Clear Sky Science · fr
Changement de préférence induit par le choix dans un cadre de modèles d'échantillonnage séquentiel
Pourquoi nos choix reconfigurent ce que nous aimons
Imaginez devoir choisir entre une barre de chocolat et une orange que vous appréciez de façon égale. Curieusement, après avoir fait votre choix, vous pouvez en venir à préférer encore davantage le snack choisi et à apprécier moins celui que vous avez rejeté. Cette bizarrerie quotidienne, connue sous le nom de changement de préférence induit par le choix, a été documentée depuis des décennies. Pourtant, de nombreux modèles mathématiques dominants de la prise de décision peinent à l’expliquer. Cet article montre comment une classe populaire de modèles, appelés modèles d'échantillonnage séquentiel, peut produire naturellement ce glissement de préférence lorsqu’on autorise les valeurs à évoluer durant la prise de décision elle‑même.

La conception habituelle des psychologues sur les décisions
Une grande partie des recherches sur la prise de décision porte sur des choix simples entre deux options. Avant de choisir, les personnes évaluent souvent combien elles aiment chaque option. Les résultats classiques montrent que les choix sont plus lents et moins prévisibles lorsque les options sont d’un attrait similaire, et plus rapides et plus cohérents lorsqu’une option se démarque clairement ou lorsque les deux options ont une valeur élevée. Les choix sont aussi plus rapides lorsque les options diffèrent fortement sur des attributs clés, comme le goût contre la santé pour des aliments. Ces régularités sont très bien rendues par les modèles d'échantillonnage séquentiel, qui imaginent le cerveau collectant graduellement des fragments d’évidence bruitée jusqu’à ce qu’une option obtienne suffisamment de soutien pour franchir un seuil de décision.

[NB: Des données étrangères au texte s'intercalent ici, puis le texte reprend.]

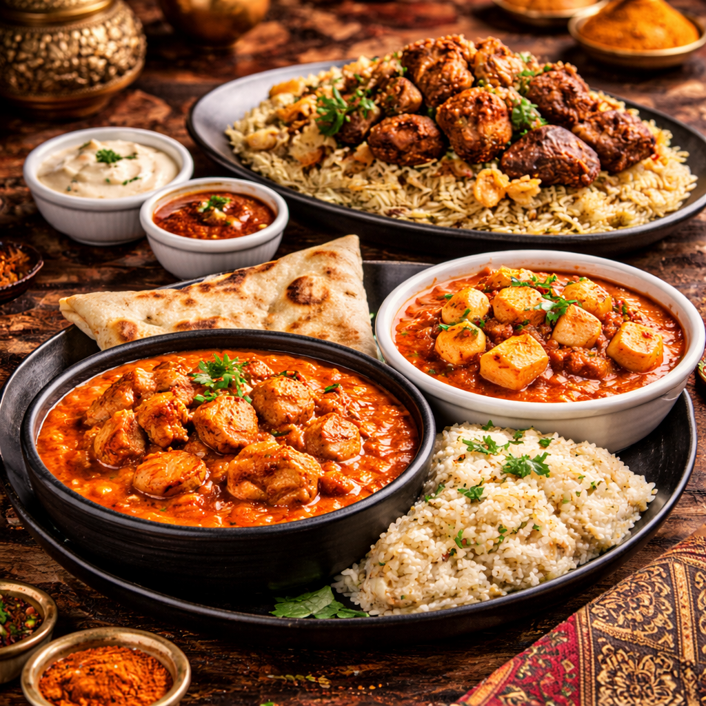 Authentic Indian dishes such as Chicken Tikka Masala, Butter Chicken, Biryani, Paneer, and Lamb favorites.
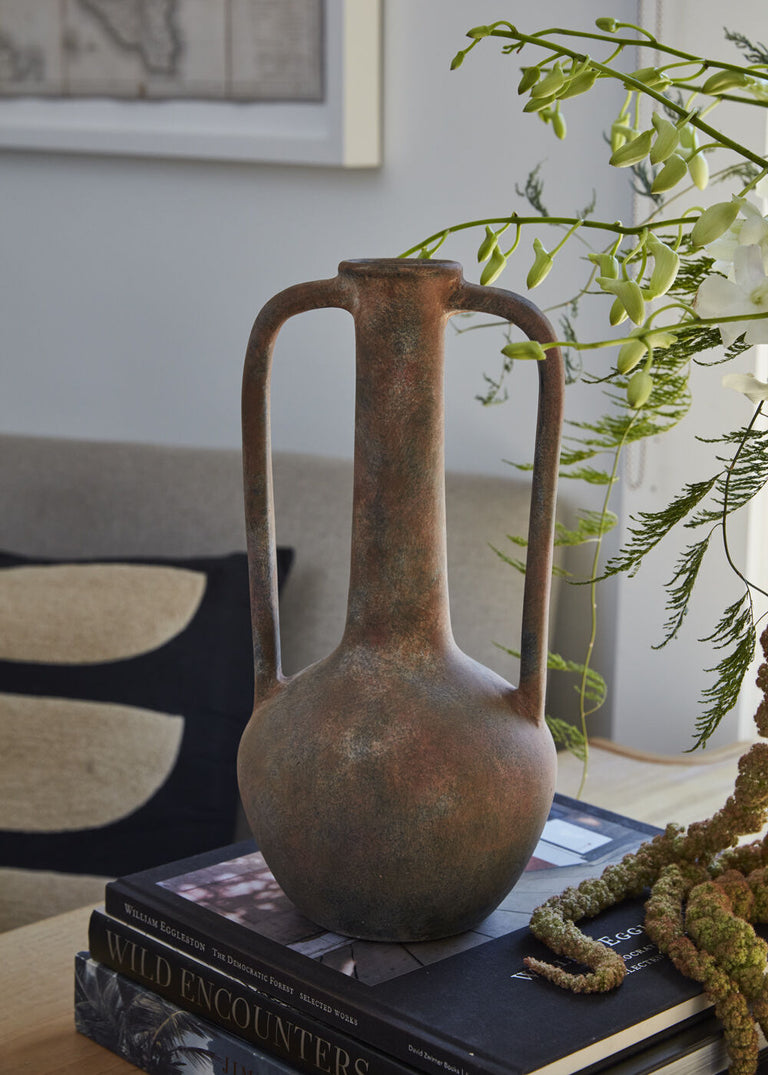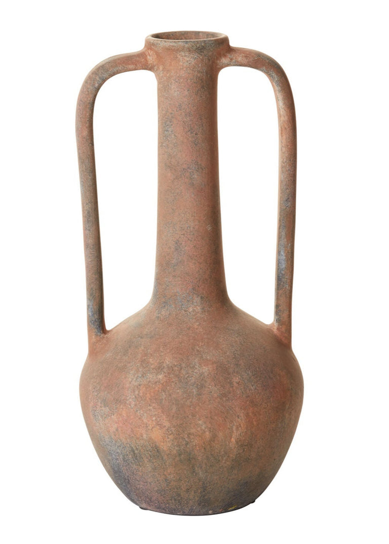The Tupiza Vase is as old-world as it is fresh & funky. Made from terracotta with an aged painted, slightly textured finish, this unique oversized sculptural vessel makes a beautiful artisanal display on its own or grouped with the other Tupiza styles to resemble collectible heirlooms. Fill this watertight vase with dried or fresh florals.

Quand l’appréciation change après que nous décidons
Le changement de préférence induit par le choix va au‑delà de ces schémas standards. Dans de nombreuses expériences, les participants évaluent des objets, font des choix entre paires, puis réévaluent les objets. Typiquement, l’évaluation de l’objet choisi augmente, celle de l’objet rejeté diminue, et l’écart entre les deux s’élargit. Cette « amplification des alternatives » est la plus forte pour les décisions difficiles — lorsque les évaluations initiales étaient proches ou moins certaines — et pour les choix où chaque option est forte sur des attributs différents. Elle tend aussi à être plus grande lorsque les personnes décident rapidement et se sentent confiantes. Des explications simples reposant uniquement sur le bruit de mesure ne rendent pas complètement compte de ces liens constants avec la difficulté, les attributs et les temps de réponse.

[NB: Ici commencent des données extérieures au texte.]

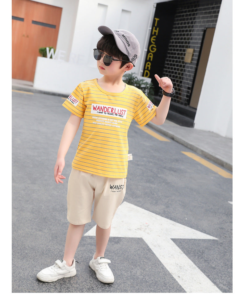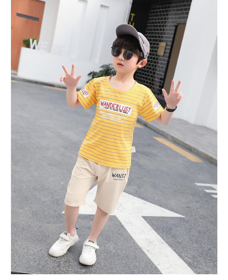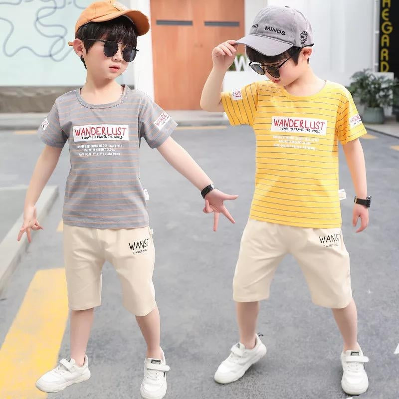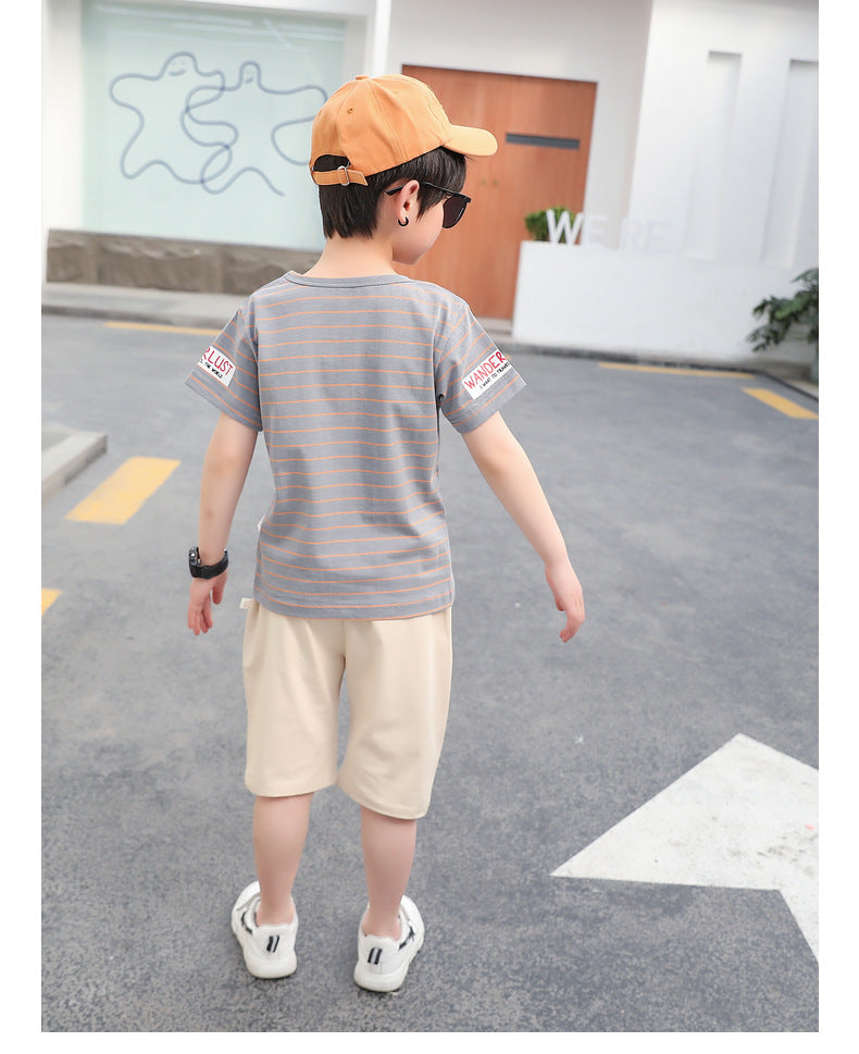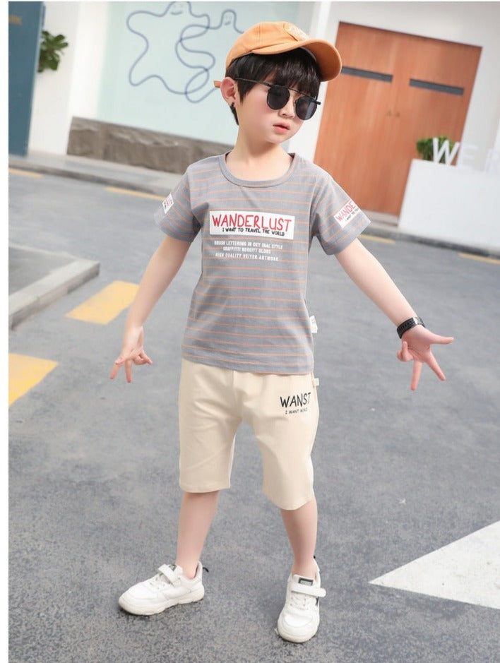 طقم ولادي قطعتين ( بلوزة قطنية + شورت كتان )

Laisser les valeurs évoluer pendant la délibération
Les modèles séquentiels standard supposent que chaque option possède une valeur sous‑jacente fixe durant une décision ; le modèle se contente de révéler cette valeur en accumulant des preuves. Sous cette hypothèse, il n’y a pas de place pour que les valeurs elles‑mêmes changent. Les auteurs contestent cette idée en permettant à la qualité de l’évidence de varier au fil du temps. Dans leur cadre, les premières preuves reflètent des impressions préalables approximatives, tandis que les décisions plus difficiles incitent le décideur à prendre en compte des attributs ou des informations supplémentaires qui n’étaient pas pleinement pesés au départ. Par exemple, lorsque la seule saveur ne suffit pas à trancher entre chocolat et orange, une personne peut commencer à tenir compte de la santé, inclinant ainsi l’évidence évolutive en faveur de l’orange et modifiant l’écart de valeur interne entre les deux snacks.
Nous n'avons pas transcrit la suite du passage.